Lucas Davis View All

Lucas Davis is the Jeffrey A. Jacobs Distinguished Professor in Business and Technology at the Haas School of Business at the University of California, Berkeley. He is a Faculty Affiliate at the Energy Institute at Haas, a coeditor at the American Economic Journal: Economic Policy, and a Research Associate at the National Bureau of Economic Research. He received a BA from Amherst College and a PhD in Economics from the University of Wisconsin. His research focuses on energy and environmental markets, and in particular, on electricity and natural gas regulation, pricing in competitive and non-competitive markets, and the economic and business impacts of environmental policy.

7 thoughts on “What Can Futures Markets Tell Us About Biden’s LNG Pause? Leave a comment

  1. I wouldn’t read too much into these nearer-term contract prices yet. The market may very well be waiting to see if the pause becomes a moratorium. And it is likely the market assumes that projects under construction will eventually get their permits. 

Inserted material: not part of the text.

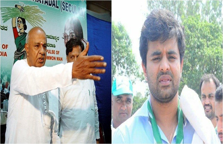 कर्नाटक चुनाव से पहले पूर्व प्रधानमंत्री और जनता दल सेक्यूलर (जेडीएस) अध्यक्ष एचडी देवगौड़ा के परिवार में कलह सतह पर आ गई है। शुक्रवार (30 मार्च) को एच डी देवगौड़ा ने अपने संसदीय क्षेत्र हासन में ऐलान किया कि वो 2019 में चुनाव नहीं लड़ेंगे क्योंकि तब उनकी उम्र 85 साल की हो जाएगी और वो नहीं चाहते की व्हीलचेयर पर संसद जाएं। उन्होंने कहा कि अगर पार्टी के लोग चाहेंगे तो उनका पोता प्राजवल रेवन्ना उनकी जगह इस संसदीय सीट का प्रतिनिधित्व करेगा। उन्होंने कहा कि प्राजवल शिक्षित और सक्षम है। बता दें कि प्राजवल एच डी देवगौड़ा के बड़े बेटे और विधायक एच डी रेवन्ना के बेटे हैं। पिछले साल नवंबर में उन्हें पार्टी का महासचिव नियुक्त किया गया था। राजनीति में देवगौड़ा परिवार की यह तीसरी पीढ़ी है।

    But this could freeze planning on projects earlier in the development cycle, which would eventually manifest in outer-year contracts, where there is not much trading activity.

  2. It’s ironic to recall of the intense efforts during the Schwarzenegger Administration to build at least one LNG import terminal based on projected NG shortages in California. Then came fracking and other “unconventional” oil and gas extraction methods and the precipitous decline in NG prices. That was not anticpated when California’s RPS was enacted in 2002. Between 2004 and 2009, 22 more states (and DC) ennacted mandatory RPS targets that had to contend with the much lower NG prices. Thanks to Obama and Steven Chu — and yes, then VP Joe Biden — for that $90B investment in sustainable energy in 2009 in the ARRA. Sustainable energy had to play catch up — but it did over the next decade. Alternative energy passed coal and nuclear as an electricity source in the U.S. a couple years ago. It will be interesting to see if the Biden’s IRA investments, now augmented by this LNG export freeze, will help alternative energy catch and pass NG as an electricity source. That’s a daunting challenge, but hopefully it’s incrementally achievable. (I know: we don’t have the luxury incrementalism;-)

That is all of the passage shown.